The northern Haitian city of Gonaives is seen flooded on September 19, 2004 after Hurricane Jeanne passed through.[Reuters]
Silme said she saw neighbors swept away in the waters Saturday. As she spoke, two dead children lay on a nearby porch, their faces covered with cloths.

Ronald Jean-Marie, 38, said the waters tore down the concrete walls of his home in Raboteau slum and that his neighbors, a woman and her two young children, disappeared in the fast-moving current.

The storm came four months after devastating floods along the southern border of Haiti and neighboring Dominican Republic. Some 1,700 bodies were recovered and 1,600 more were missing and presumed dead.

Floods are particularly devastating in Haiti, the poorest country in the Americas, because it is almost completely deforested, leaving few roots to hold back rushing waters or mudslides.

Gonaives also suffered fighting during the February rebellion that led to the ouster of President Jean-Bertrand Aristide and left an estimated 300 dead.

Argentine troops who are among more than 3,000 U.N. peacekeepers in Haiti treated at least 150 people injured by the floods in Gonaives, mostly for cuts on feet and legs, said Lt. Cmdr. Emilio Vera.

One man stood outside the flooded base used by the troops and asked soldiers to remove 11 bodies that were floating in his house, including four brothers and a sister.

"I would like to see if the soldiers could do something about these bodies," said Jean-Saint Manus, a 30-year-old student. "The door was closed. Everybody was trapped inside."
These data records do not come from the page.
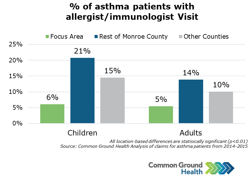 Additional claims analysis for patients with asthma highlights a disparity in the use of specialist care. Compared to the Focus Area*, children in the rest of Monroe County were 3.5 times as likely to see an allergist/immunologist; and adults were 2.5 times as likely. Utilization of specialists in the other counties is lower than Monroe County, but much higher than the Focus Area.
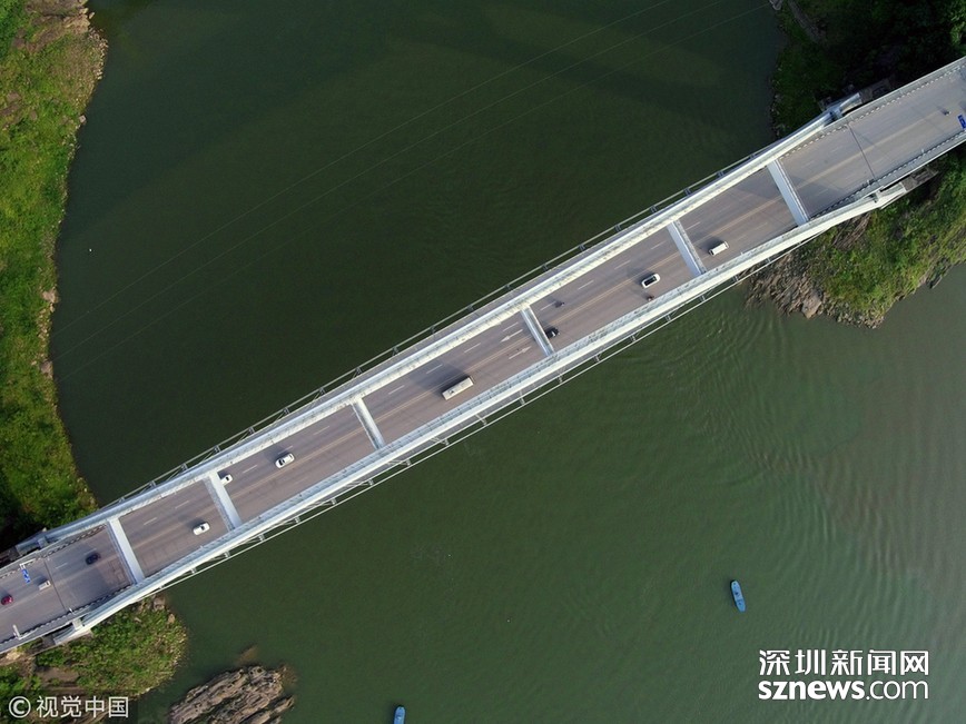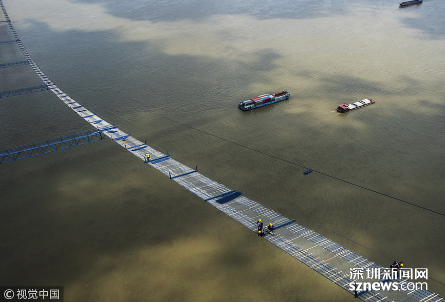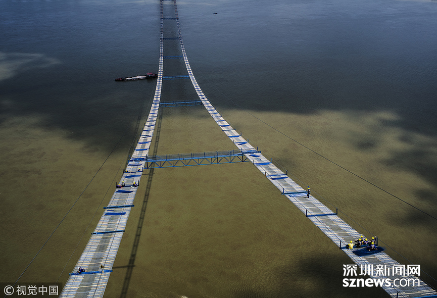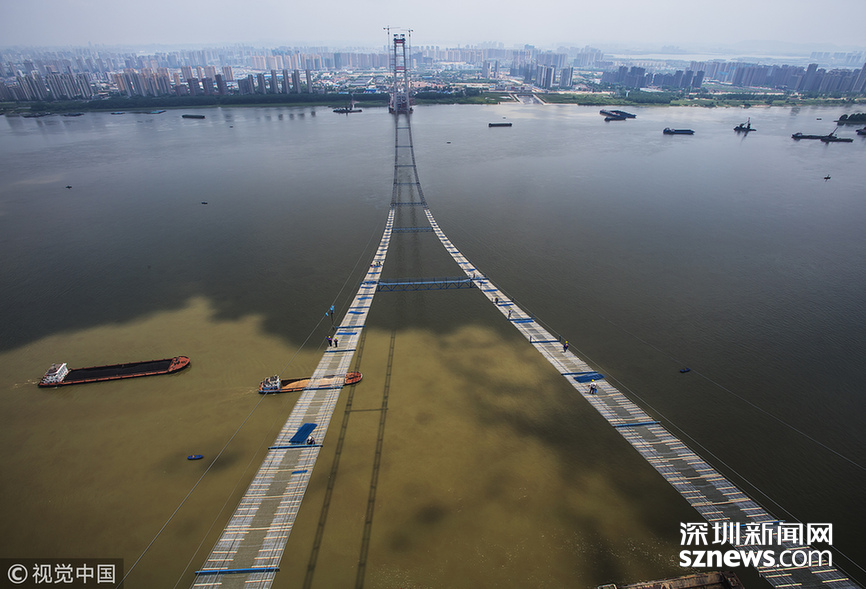 2018年5月14日,武漢,武漢楊泗港長江大橋上空,上部結(jié)構(gòu)施工進入貓道面網(wǎng)鋪設階段,數(shù)十名中鐵大橋局工人在跨江高空拼搏趕超,江面上空的臨時“吊橋”悄然形成。數(shù)十名工人在長江上空228米處拼搏趕超,臨時“天梯”悄然形成。
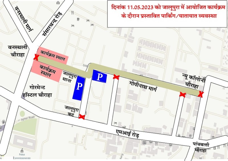 - कार्यक्रम के दौरान संसार चन्द्र रोड़ वनस्थली मार्ग चौराहा से जालूपुरा होकर न्यू कॉलोनी चौराहा के मध्य गोपीनाथ मार्ग पर चलने वाले यातायात को कार्यक्रम समाप्ति तक डायवर्ट कर समानान्तर मार्गो से संचालित किया जाएगा।

Equipment including the X-ray machine was covered with mud at Gonaives' General Hospital, said Dr. Pierre-Marie Dieudonne, a doctor with the Catholic agency Caritas. He said there was a great need for antibiotics, food and water.

Three trucks carrying Red Cross relief supplies from tents to blankets rolled in Monday, but two were mobbed by people who grabbed blankets and towels. U.N. troops stood by watching. Only one truck arrived intact with tents at the mayor's office.

People tripped over each other to grab tiny bags of water thrown from a Red Cross truck in front of City Hall.

"Everyone is desperate," said Pelissier Heber of the Artibonite Chamber of Commerce. "The international community is not doing anything so there's a general panic. The population is really mad because they were expecting more from the United Nations."

Interim Prime Minister Gerard Latortue toured some flooded areas Sunday and declared Gonaives a disaster area, calling for international aid. The U.S. Embassy announced $60,000 in immediate relief.

At 11 p.m., Jeanne was about 405 miles east of Great Abaco Island in the Bahamas, with winds near 85 mph, moving northeast at about 7 mph.

Meanwhile, Hurricane Karl and Tropical Storm Lisa remained far out in the Atlantic and were not immediate threats to land. Karl's sustained winds diminished to 120 mph, making it a Category 3 hurricane. Lisa had winds of 60 mph.